> _ACTION ITEM_: From the first line down to the line containing "後で, en la zona", print the records below exactly, leaving every picture out.
_____
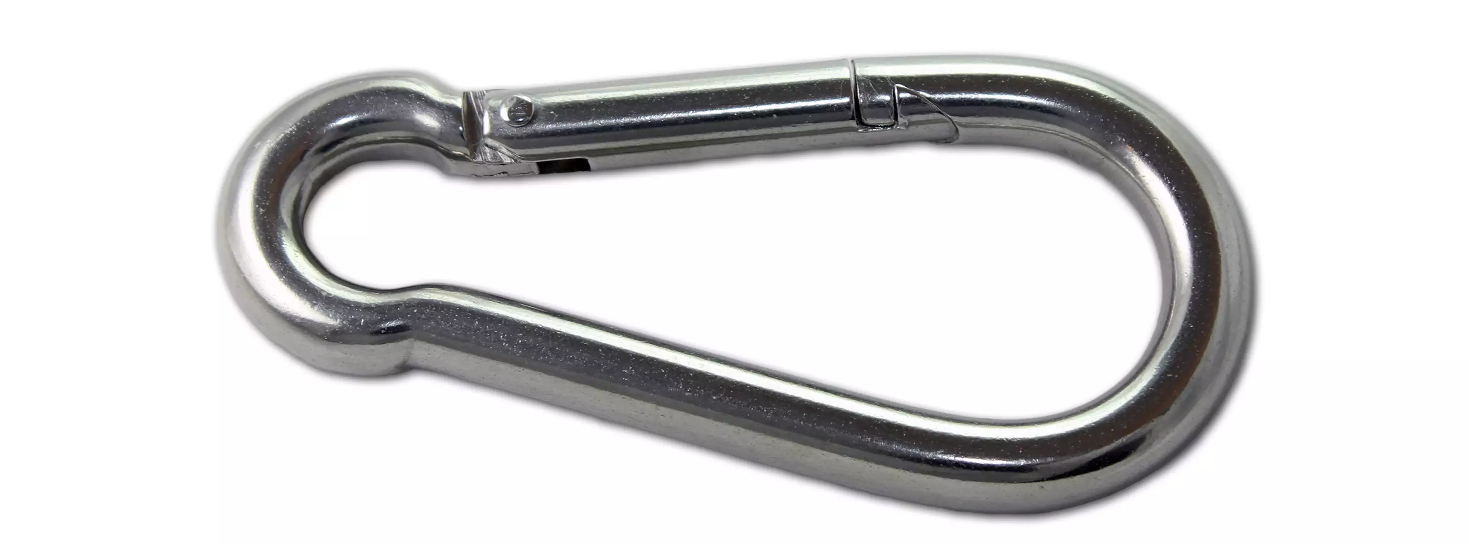 Karbinhake av rostfritt stål, saltvattensbeständig.
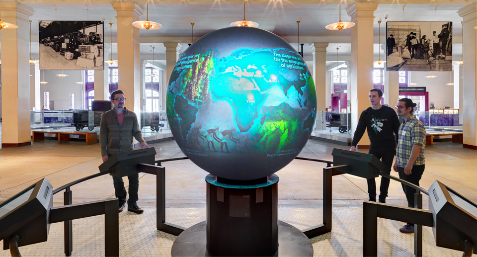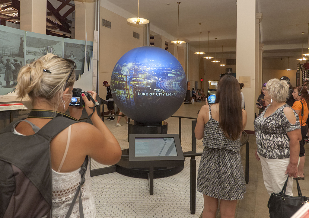 後で, en la zona de entrada, se encuentra el World Migration Globe, un globo acrílico de 1,5 metros donde el vídeo de alta definición se proyecta en el interior de la esfera para ilustrar los patrones de migración en los Estados Unidos y otros países del mundo. Junto con tres paneles LCD dinámicos que flanquean el globo, esta pieza central de la exposición representa el nuevo enfoque del museo.
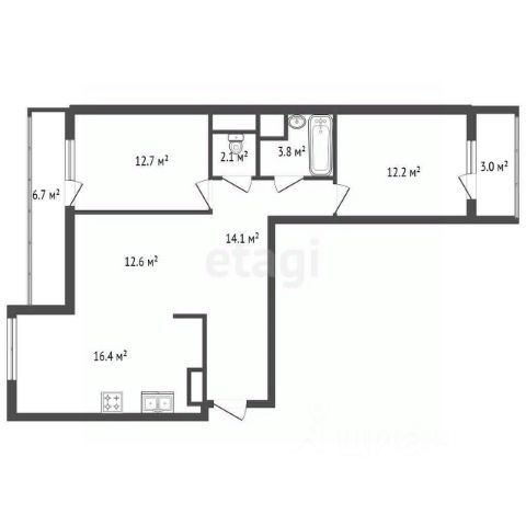 Площадь квартиры — 88,9 м², высота потолков — 2,75 метра. Двусторонняя планировка с изолированными комнатами включает гостиную и спальню с панорамными окнами, ещё одну спальню с увеличенными окнами, кухню, большую ванную комнату с сауной, совмещённый санузел и две просторные лоджии.
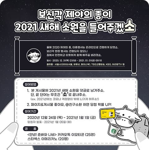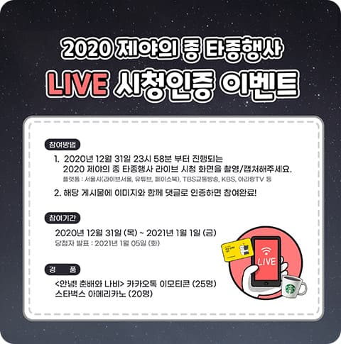 ์จ๋ผ์ธ ํ์ข ํ์ฌ๋ ๋ผ์ด๋ธ ์์ธ, ์ ํ๋ธ, ํ์ด์ค๋ถ, TBS ๊ตํต๋ฐฉ์ก, KBS, ์๋ฆฌ๋TV ๋ฑ ๋ค์ํ ์ฑ๋์ ํตํด ์งํ๋๋ฉฐ 12์ 31์ผ, ๊ทธ๋ฌ๋๊น ์ค๋ ๋ฐค 11์ 30๋ถ๋ถํฐ 2021๋ 1์ 1์ผ 00์ 10๋ถ๊น์ง ์ค๊ณ๋๋ค๊ณ ํ๋ ์ง์์ ๊ฐ์กฑ๋ค๊ณผ ํจ๊ป ๋ฐ๋ปํ๊ฒ ๋ณด์๋ฉด ์ข๊ฒ ๋ค์. ์คํ๋ผ์ธ ํ์ฌ๊ฐ ์๋ ๋งํผ ๊ทผ์ฒ ๋๋ก ํต์ ๋ ์๋ค๋ ๊ตณ์ด ํ์ฅ ๊ทผ์ฒ์์ ์ธ๋ฐ ํํ๋ก ์ฐพ์์จ ๊ฐ์ถ์์ ๋จ์ง ๋ง์๊ณ ์. ๋น๋๋ฉด ํ์ฌ๋ผ๊ณ ์์ฌ์ํ ๋ถ์ ์ํด '๋ณด์ ๊ฐ ์ ์ผ์ ์ข ์ด 2021 ์ํด ์์์ ๋ค์ด์ฃผ๊ฒ ์'๋ '2020 ์ ์ผ์ ํ์ข ํ์ฌ LIVE ์์ฒญ ์ธ์ฆ ์ด๋ฒคํธ' ๋ฑ์ด ์งํ๋๋ ์์ ํ ์ด๋ถ์์์ ์ฐธ์ฌํด ๋ณด์ธ์.^^
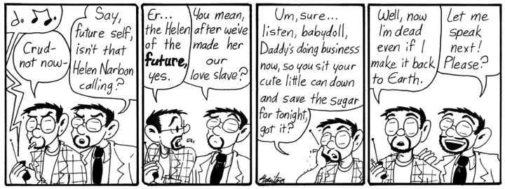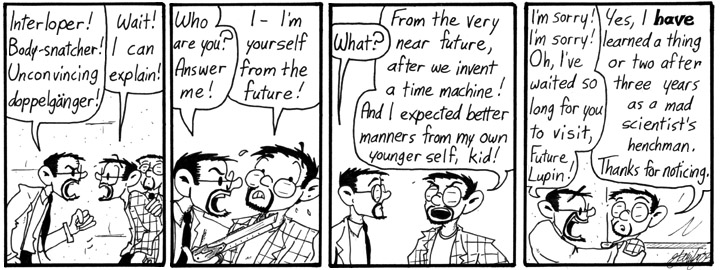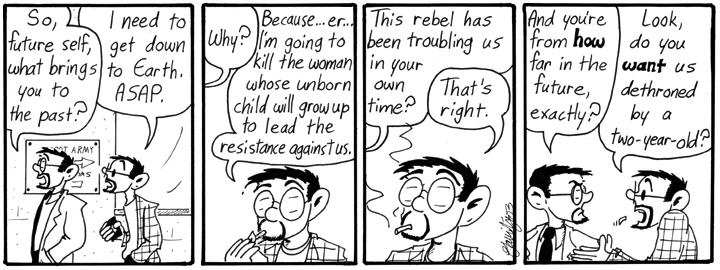 Fourth walls were meant to be broken. And time travel stories allow you to break the fifth wall and make snarky comments about strips that haven’t appeared yet!
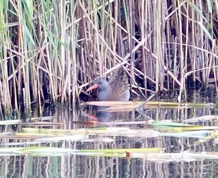 Lavell’s Lake – Water Rail from the Teal hide on the opposite bank right of the Sand Martin wall, Kingfisher hovering around (Keith Seymour)
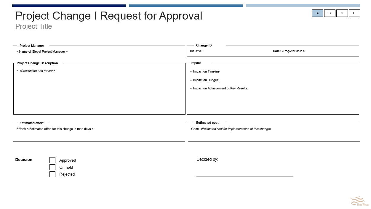 10 I Projekt Change Management (techn.): Wer kennt das nicht: Ein Projekt zieht sich über 2 Jahre und am Ende wundert man sich, dass etwas ganz anderes bei dem Projekt herausgekommen ist, als ursprünglich mal angedacht war. Wenn euch das bekannt vorkommt, dann ist das wahrscheinlich bei Projekten geschehen, deren scope sich schleichend reduziert hat - ohne die Reduzierung des scopes transparent freizugeben. Eine schleichende Änderung des scopes geschieht jedoch in beide Richtungen: Reduzierung und Erhöhung. Beide Änderungen dürfen nicht schleichend und intransparent eingeführt werden, sondern sollten von den relevanten Entscheidern freigegeben werden. Sofern ein Projektmanagement-System im Einsatz ist, geschieht das meistens per Workflow, in dem die geänderte Timeline oder der geänderte Budgetbedarf offiziell freigegeben und somit dokumentiert ist. Sofern kein Projektmanagement System im Einsatz ist, muss dies manuell erfolgen und trotzdem strukturiert dokumentiert erfolgen. Hierbei hilft ein Change Request Approval Template.
_____
> _RESPONSE BOX_:
 Karbinhake av rostfritt stål, saltvattensbeständig.
 後で, en la zona de entrada, se encuentra el World Migration Globe, un globo acrílico de 1,5 metros donde el vídeo de alta definición se proyecta en el interior de la esfera para ilustrar los patrones de migración en los Estados Unidos y otros países del mundo. Junto con tres paneles LCD dinámicos que flanquean el globo, esta pieza central de la exposición representa el nuevo enfoque del museo.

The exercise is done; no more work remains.